Entries taken from a collection
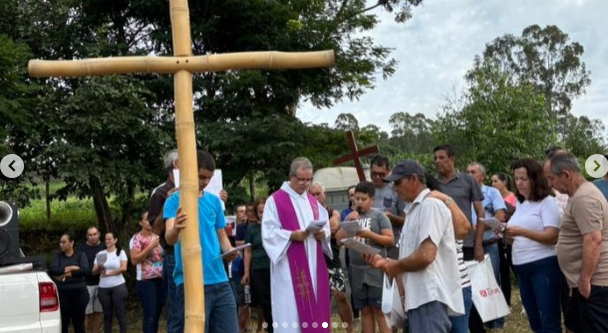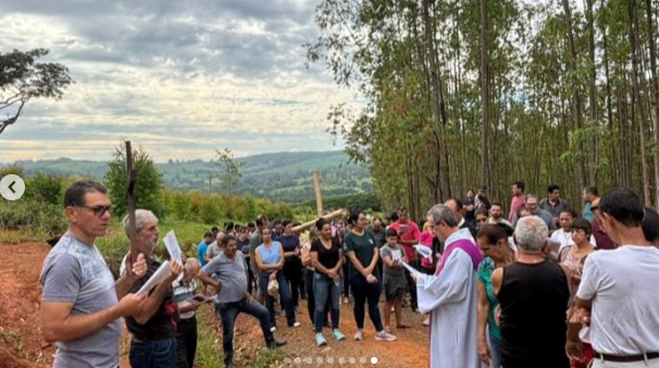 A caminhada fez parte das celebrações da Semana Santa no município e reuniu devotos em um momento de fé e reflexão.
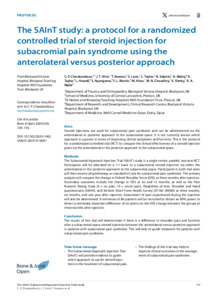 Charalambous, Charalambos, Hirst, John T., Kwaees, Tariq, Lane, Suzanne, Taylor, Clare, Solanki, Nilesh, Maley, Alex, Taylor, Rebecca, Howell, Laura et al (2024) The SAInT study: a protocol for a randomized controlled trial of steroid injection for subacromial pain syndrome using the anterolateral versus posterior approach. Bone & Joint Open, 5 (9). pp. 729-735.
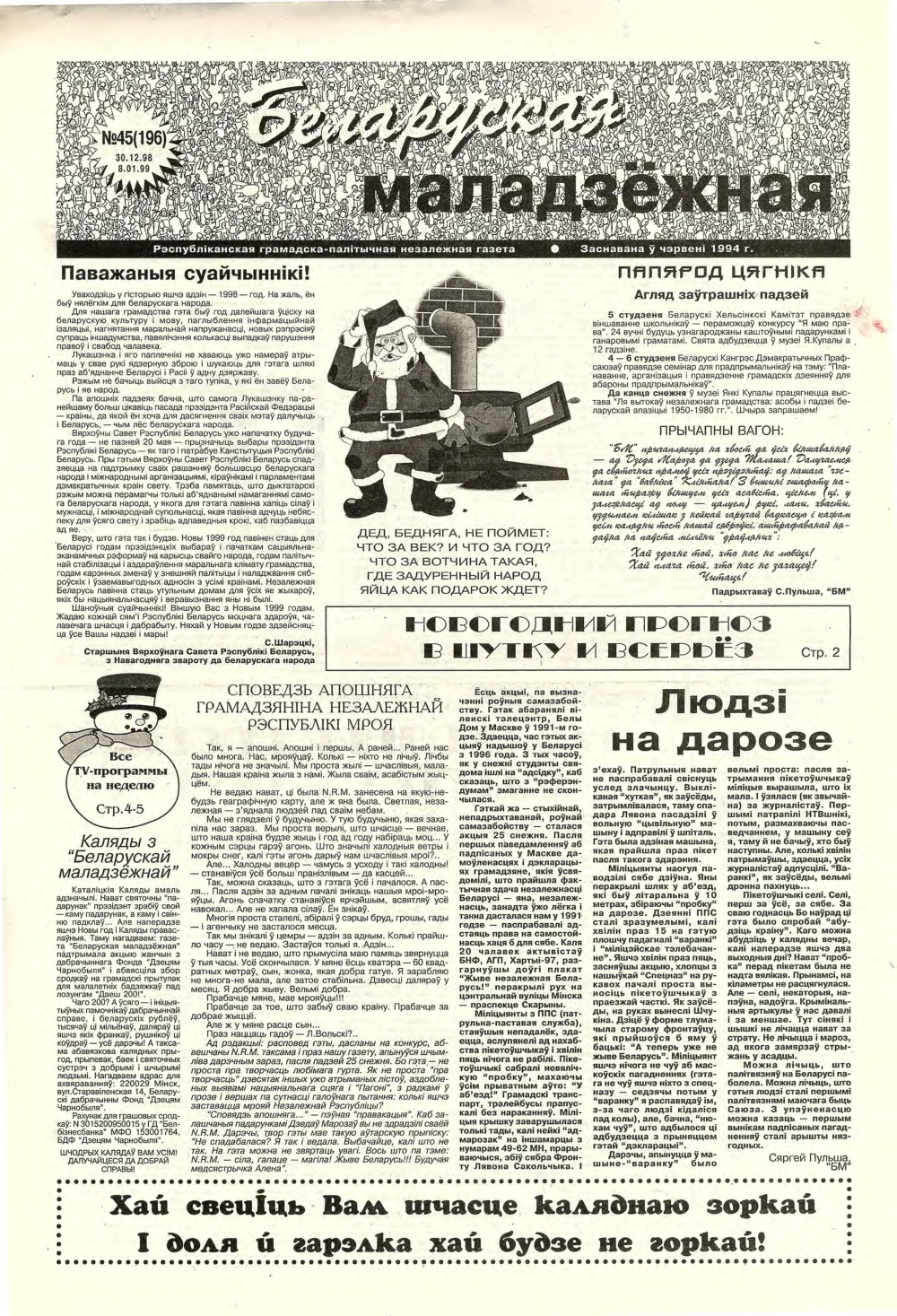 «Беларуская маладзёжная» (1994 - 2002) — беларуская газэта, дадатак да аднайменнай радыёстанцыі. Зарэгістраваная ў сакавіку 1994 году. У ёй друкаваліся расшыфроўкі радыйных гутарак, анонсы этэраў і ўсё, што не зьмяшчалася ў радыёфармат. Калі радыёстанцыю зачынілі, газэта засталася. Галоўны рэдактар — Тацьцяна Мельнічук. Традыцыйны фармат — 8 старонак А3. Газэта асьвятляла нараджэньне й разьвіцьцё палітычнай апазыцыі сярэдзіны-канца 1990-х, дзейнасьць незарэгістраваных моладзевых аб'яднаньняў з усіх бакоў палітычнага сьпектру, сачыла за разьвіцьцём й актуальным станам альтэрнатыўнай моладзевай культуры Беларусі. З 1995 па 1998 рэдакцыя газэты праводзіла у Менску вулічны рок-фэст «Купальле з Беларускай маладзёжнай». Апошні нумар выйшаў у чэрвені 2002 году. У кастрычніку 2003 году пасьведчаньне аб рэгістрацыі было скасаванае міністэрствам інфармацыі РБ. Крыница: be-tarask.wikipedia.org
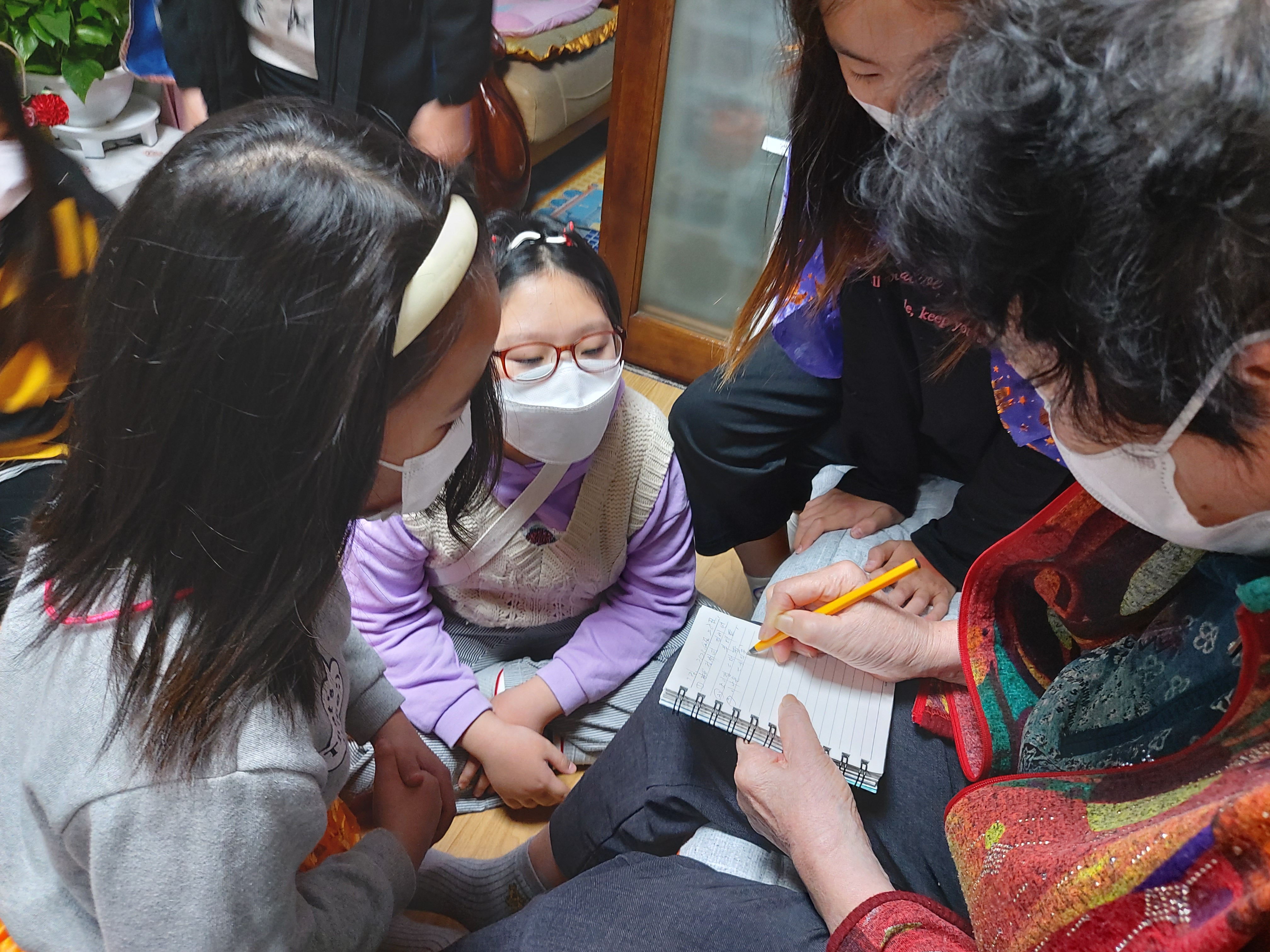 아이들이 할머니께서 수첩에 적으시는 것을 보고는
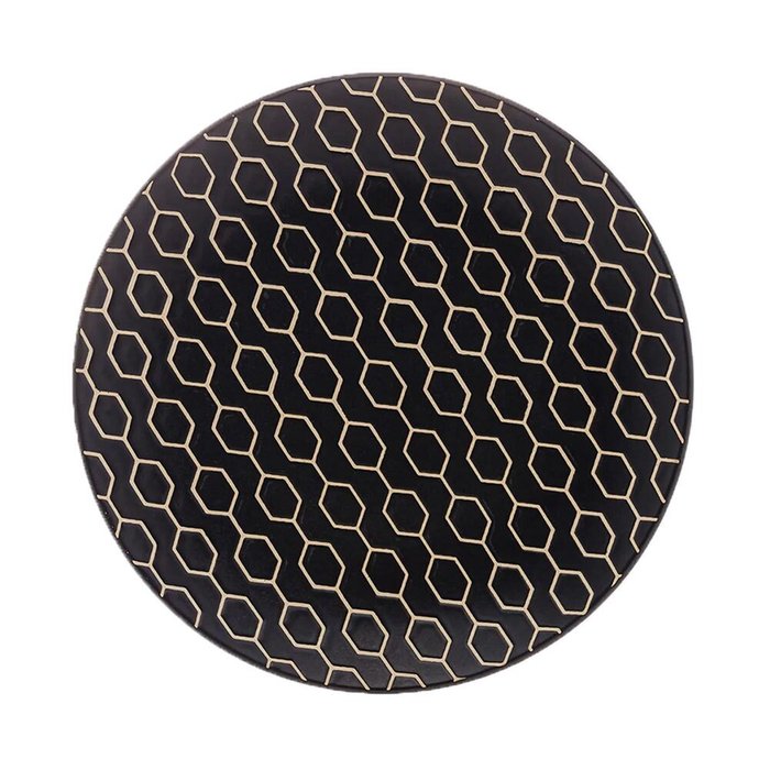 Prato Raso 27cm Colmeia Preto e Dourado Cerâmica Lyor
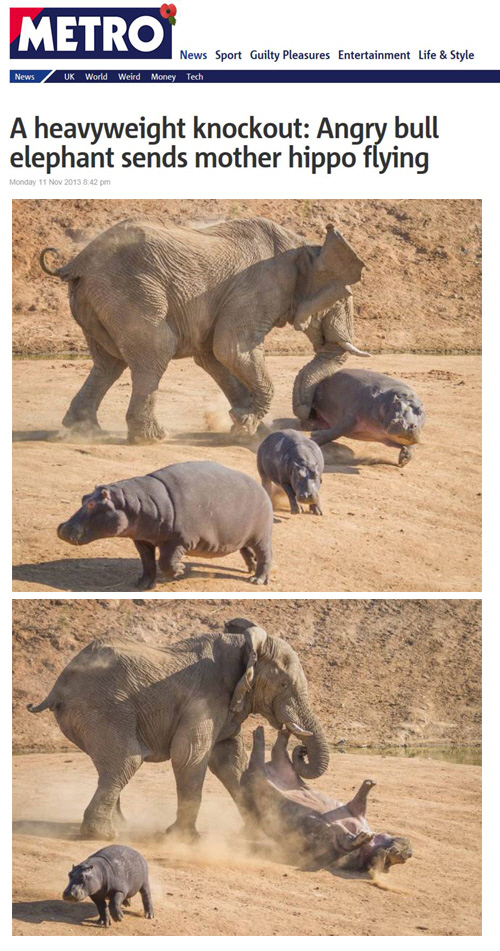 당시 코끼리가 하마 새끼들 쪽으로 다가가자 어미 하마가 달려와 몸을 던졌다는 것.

▶ _WHAT TO DO_
Please copy the data above exactly, omitting the pictures.

▶ _ANSWER BOX_
 A caminhada fez parte das celebrações da Semana Santa no município e reuniu devotos em um momento de fé e reflexão.
 Charalambous, Charalambos, Hirst, John T., Kwaees, Tariq, Lane, Suzanne, Taylor, Clare, Solanki, Nilesh, Maley, Alex, Taylor, Rebecca, Howell, Laura et al (2024) The SAInT study: a protocol for a randomized controlled trial of steroid injection for subacromial pain syndrome using the anterolateral versus posterior approach. Bone & Joint Open, 5 (9). pp. 729-735.
 «Беларуская маладзёжная» (1994 - 2002) — беларуская газэта, дадатак да аднайменнай радыёстанцыі. Зарэгістраваная ў сакавіку 1994 году. У ёй друкаваліся расшыфроўкі радыйных гутарак, анонсы этэраў і ўсё, што не зьмяшчалася ў радыёфармат. Калі радыёстанцыю зачынілі, газэта засталася. Галоўны рэдактар — Тацьцяна Мельнічук. Традыцыйны фармат — 8 старонак А3. Газэта асьвятляла нараджэньне й разьвіцьцё палітычнай апазыцыі сярэдзіны-канца 1990-х, дзейнасьць незарэгістраваных моладзевых аб'яднаньняў з усіх бакоў палітычнага сьпектру, сачыла за разьвіцьцём й актуальным станам альтэрнатыўнай моладзевай культуры Беларусі. З 1995 па 1998 рэдакцыя газэты праводзіла у Менску вулічны рок-фэст «Купальле з Беларускай маладзёжнай». Апошні нумар выйшаў у чэрвені 2002 году. У кастрычніку 2003 году пасьведчаньне аб рэгістрацыі было скасаванае міністэрствам інфармацыі РБ. Крыница: be-tarask.wikipedia.org
 아이들이 할머니께서 수첩에 적으시는 것을 보고는
 Prato Raso 27cm Colmeia Preto e Dourado Cerâmica Lyor
 당시 코끼리가 하마 새끼들 쪽으로 다가가자 어미 하마가 달려와 몸을 던졌다는 것.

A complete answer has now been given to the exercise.